Dai's new project is a romance movie that straddles two cultures and two cities. Night Peacock, set in Chengdu and Paris, is about a French woman who falls in love with two Chinese men. "As someone comfortable with two cultures, I hope to convey with this film the interaction of human emotions from both worlds, and especially the beauty of these two cities," he said during an April press conference in the Chinese city.

The movie, which will be Dai's first feature since The Chinese Botanist's Daughters in 2006, is set to go into production later this year. In the leading roles are Yu Shaoqun, French actress Maiwenn Le Besco and Liu Ye, a veteran from Balzac and the Little Chinese Seamstress and whose wife happens to be French.

An even more ambitious project is on the horizon. Dai is adapting Yu Hua's Brothers into a feature film, which he will also direct. "Yu is a good friend of mine and he trusts me completely. But we have many difficulties to overcome before the project can go through."

I suggested to him that maybe it would be more feasible to do Brothers as a stage play first. "Yu Hua's To Live has been playing to sold-out runs," I said. "You can preserve more of the essence with a play than with a movie adaptation."

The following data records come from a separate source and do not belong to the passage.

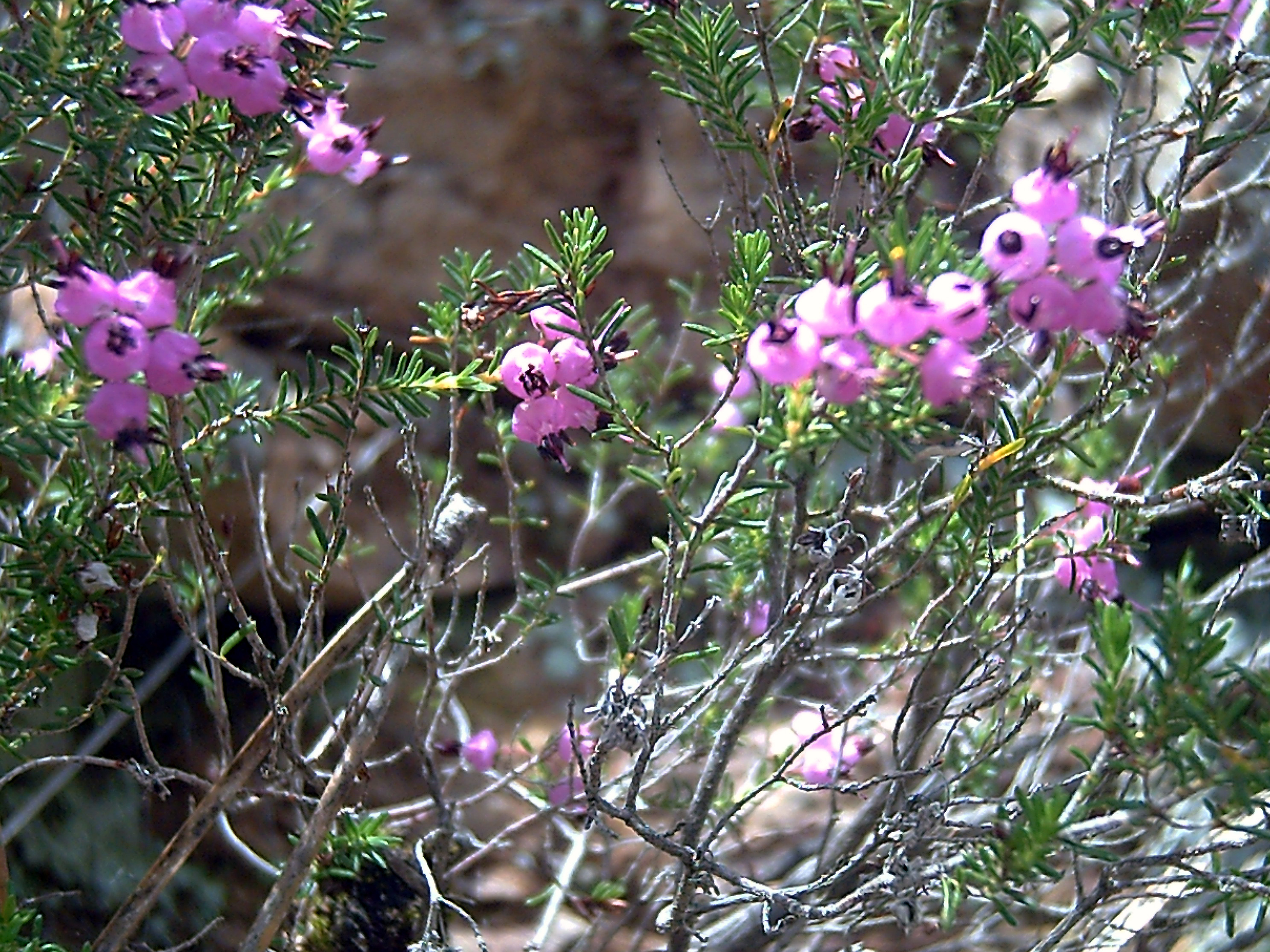 Erica umbellata flowers close up, Dehesa Boyal de Puertollano, Spain
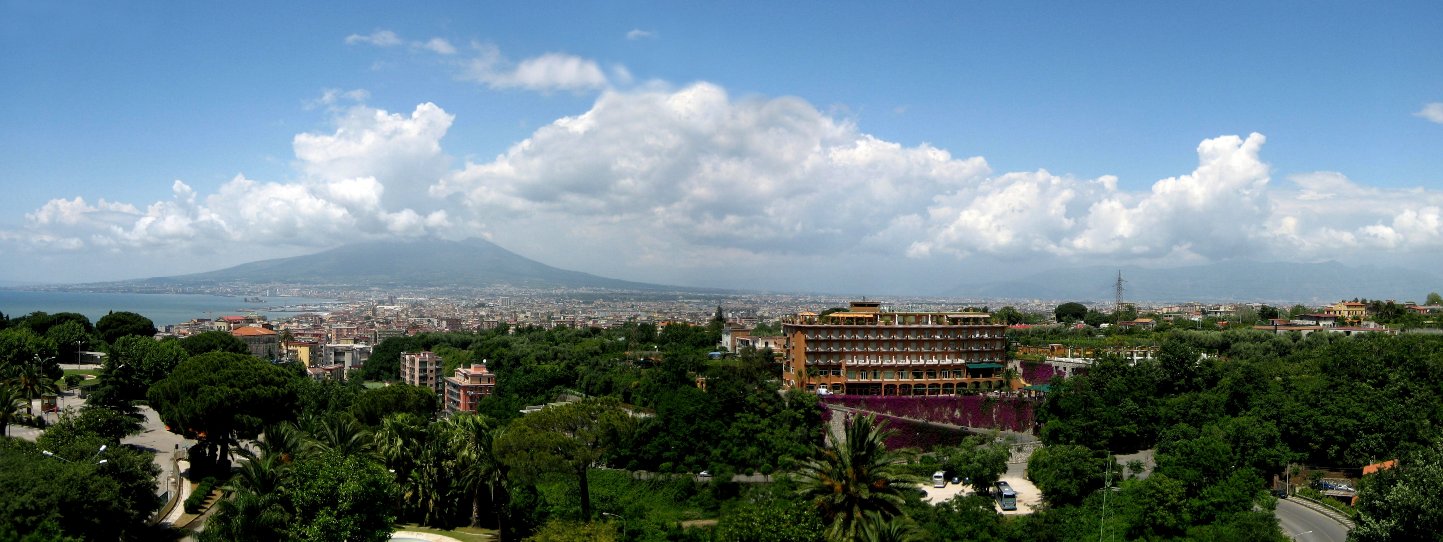 Castellammare di Stabia seen from the south with Mount Vesuvius in the background.
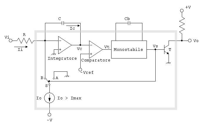 Conceptual schematic of a voltage/frequency converter, or voltage-controlled oscillator
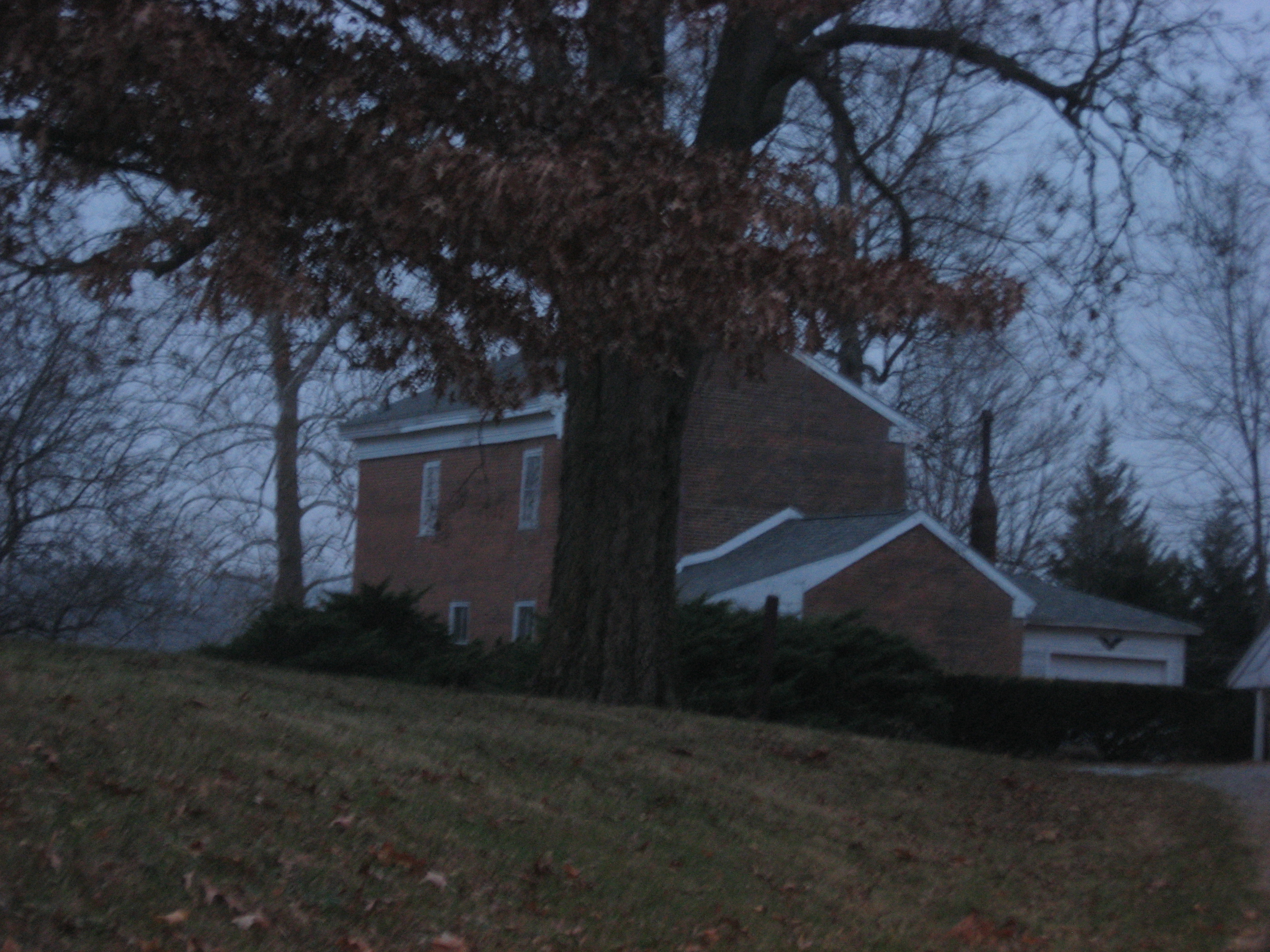 Driveway view of the Hershey House, located at 1904 N. County Road 275 E. northeast of Lafayette in Perry Township, Tippecanoe County, Indiana, United States. Built in 1856, it is listed on the National Register of Historic Places.
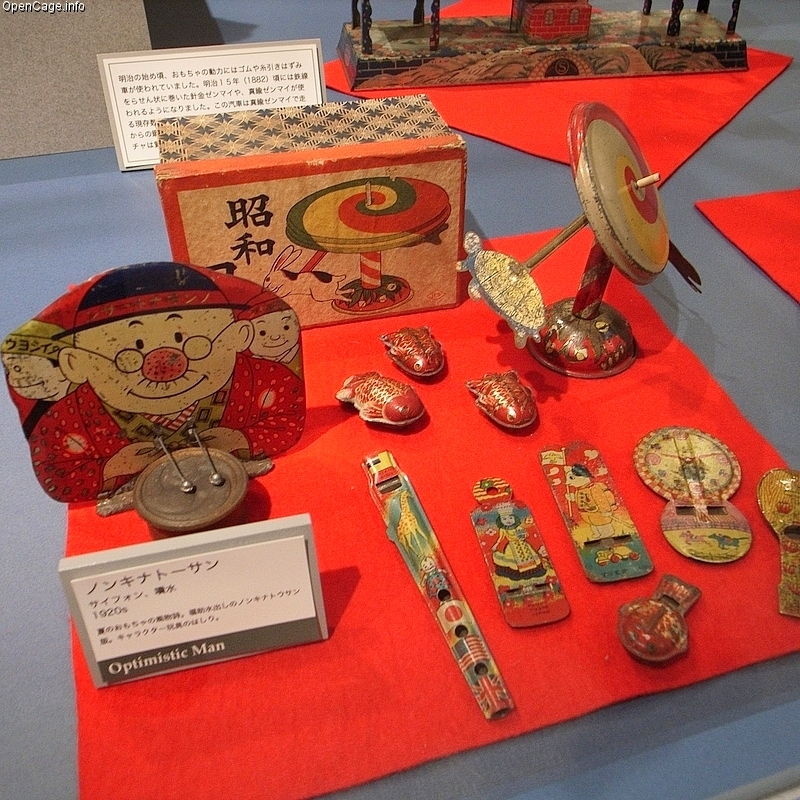 The tinplate toys in 1920s Japan on display at the Arima Toys & Automata Museum.
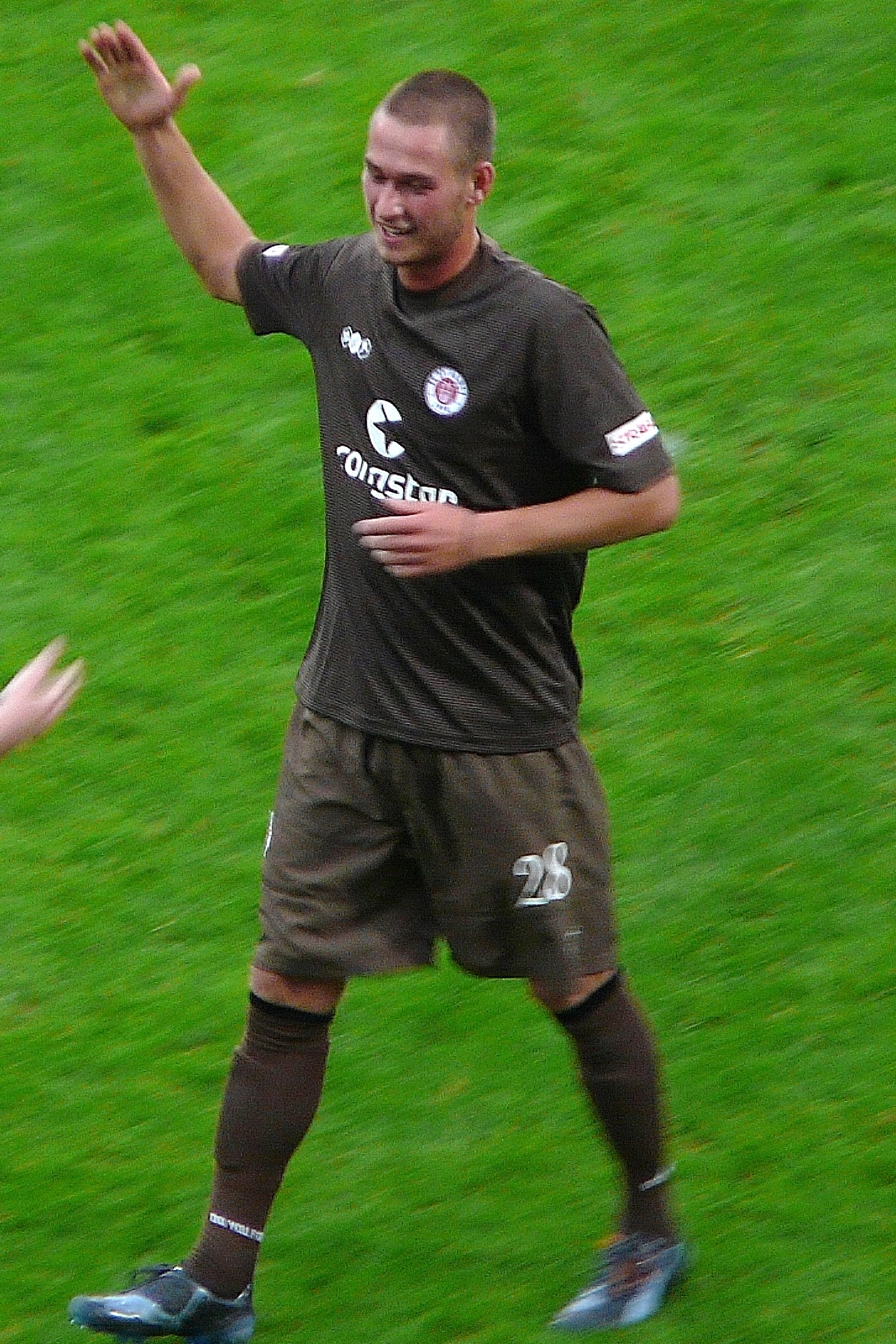 Ömer Şişmanoğlu as Player from FC St. Pauli

"Well, Brothers was turned into a play back in 2006, one year after the book came out. It starred Xu Zheng, who is now a superstar crossing over to film directing. He said he would still be interested in acting in the film if it can get approval," said Dai.

That would surely add a lot of depth to Xu's credentials as a comedian. And with the book's reputation in the West and Dai's knack for making Chinese stories resonate with Western audiences, it has a good chance of breaking out of the slump most Chinese screen hits have found in the Western market.